The Renewal rate measures dollars or customers retained during a time period, limited to only those customers that were eligible to renew during the period. Renewal rate’s superpower is that it gives you a snapshot of whether customer decisions to renew or cancel went for or against you.
Since we started this series focused on Churn rates, we can talk about Renewal rates in terms of Churn. When you set the period in which you are measuring churn equal to your contract length, your Non-Renewal Rate will equal your Churn rate. The Renewal rate, then, is simply the inverse, or (1-Non-Renewal Rate). So a Non-Renewal Rate of 7% equates to a Renewal rate of 93%.
From your first dollars of revenue, you should be tracking both Churn and Renewal rates. You’ll share Churn data to coordinate Sales, Marketing, and Customer Success. And when (if!) Churn starts trending against you, you’ll lean on Renewal rates to tell you a lot about “why?”.

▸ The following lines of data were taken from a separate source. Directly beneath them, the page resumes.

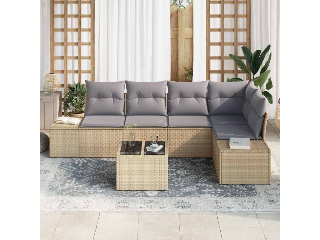 Sada zahradních pohovek s polštářem 6 pcs Béžová a Světle šedá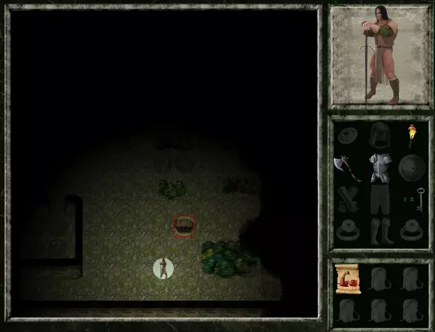 现在我们又探索了一些地方,但这里仍然相当昏暗。一盏好的灯笼或侦察技能能让我们看得更远。这张截图中显示了一个带有红色轮廓的宝箱。从我们的物品栏可以看到,我们确实有一把钥匙。但由于宝箱的轮廓是红色的,这意味着我们没有正确的钥匙。看看物品栏的背包部分,有了新东西。我们找到了一张【虚弱】魔法卷轴。这是一种诅咒,能让怪物在一段时间内造成50%的伤害。有这个还不错……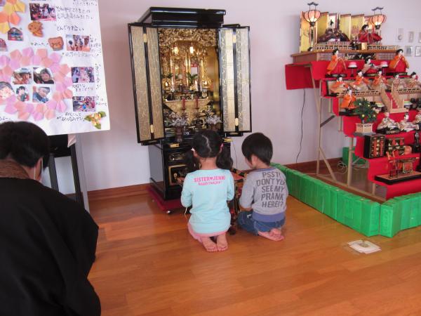 今日から、あおぐみさんはももぐみさんのお参り当番に一緒に参加させてもらって、どんな感じなのか学んでいます。

Defining Gross and Net Renewal Rates
Now for the definitions.
Gross Renewal Rate shows you the dollars that renewed as a percentage of all dollars that were eligible to renew during a period. It is calculated by adding the total renewed contract dollars then dividing by the total dollars that were eligible for renewal. That looks like:
Gross Renewal Rate = Dollars renewed/Dollars eligible to renew
Net Renewal Rate tells you about the growth of your existing customer base by including net expansion (upsell – churn – downsell). Eligibility is calculated using contracts that expired during the time period. That looks like:
Net Renewal Rate = (Dollars renewed + dollars expanded)/Dollars eligible to renew
Big picture: renewal rates are measured using the “end state” of a time period. It tells you how many customers/dollars renewed as a percentage of those that could have renewed. It’s your contract renewal batting average.
The Difference Between Renewal Rate and Retention Rate
If Renewal rate is a snapshot in time, Retention rate is a trend over time. Retention rates tell you about the renewal decisions of a group of customers that signed up at the same time and how many of those customers remained customers over time.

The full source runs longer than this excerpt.